With Bayesian methods, how do people generally asset predictive ability?

This will have many answers. AIC is not generally used as it quantifies model complexity in ways that aren’t a natural fit for Bayesian models, but there are information criteria that are used in Bayesian contexts (see cite below). Some calculate quantities such as MSE. Some use validation (e.g., leave-one-out). Here again, I would strongly suggest that you think through what you want before figuring out how to try and get it.

In the meantime, you can check out a couple of the presentations from PyMCon, which took place a couple of weeks ago:

Posterior Predictive Sampling in PyMC3 by Luciano Paz

A Tour of Model Checking techniques by Rob Zinkov

Gelman, A., Hwang, J., & Vehtari, A. (2014). Understanding predictive information criteria for Bayesian models. Statistics and Computing , 24 (6), 997-1016.

Thank you for all this information. Another thing that I am trying to do is incorporate many features. Does it make sense to use a multivariate gaussian for this which has priors from another multivariate gaussian and LKJ Cholesky Covariance?

I implemented this an it take a 2 hours to run with just 4 individuals with 4 features while the above example would take approx 30 minutes. Is it likely I am messing up somewhere or these tend to take a long time?

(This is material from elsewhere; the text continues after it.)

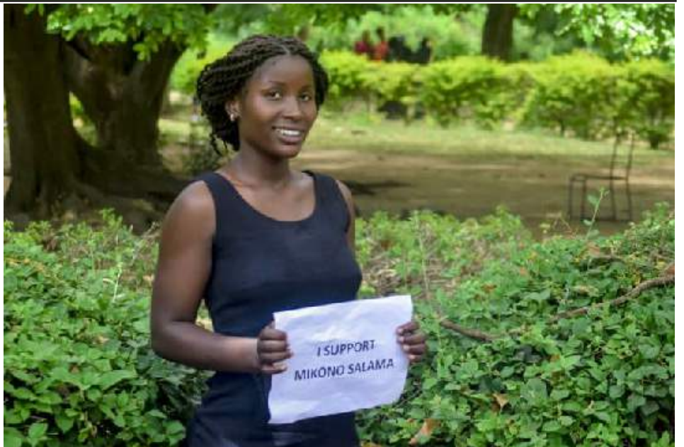
RDVA member support Mikono Salama Campaign

RDVA is the association of students from various programs at SUA. They engage in volunteering activities within and outside the university campuses with reference to Governing laws, By -laws, university rules and regulations and one of the areas of their concern is environmental protection.

I’ll defer on the multivariate normal question, but in terms of computation time, the bit of script I wrote above took me 5 seconds to generate 6,000 samples (1,000 tuning and 2,000 draws in each of 2 chains). If your sampling seems substantially slower (for that same code), I might suggest running some established, working code (e.g., one of the many examples) and asking a (separate) question about any suspiciously slow performance you are seeing (and include any output and platform/install/version information).

Yes, the example above runs quickly–I am not sure it took 5 seconds, but a maybe a couple minutes.
I am working on a laptop so perhaps that is why it is slow. I would not think that a MVN would take so long as I would guess it would not take much longer than 16 normal distributions.

Thanks for all the help!

I am going to unmark this solution, because I am not sure this is consider a binomial distribution.

A person has a portion of money and allocates the money by some sort of payoff between two goods.
How can giving 50 of 100 dollars to the y-good be seen as 50 success of 100?
So your saying giving y_i of y_max tokens is seen as y_i success with probability p?
Remember an observation is generation by a single person.

So, I am not sure if that follows the following requirement for a Binomial:

– Each observation falls into one of just two categories: success
vs. failure, male vs. female, child vs. adult
– The n observations are all independent
– The probability of success, call it p, is the same for each
observation

I appreciate the help a lot, but I think I need some sort of justification for using a binomial.
I don’t think this is a sequence of successful events.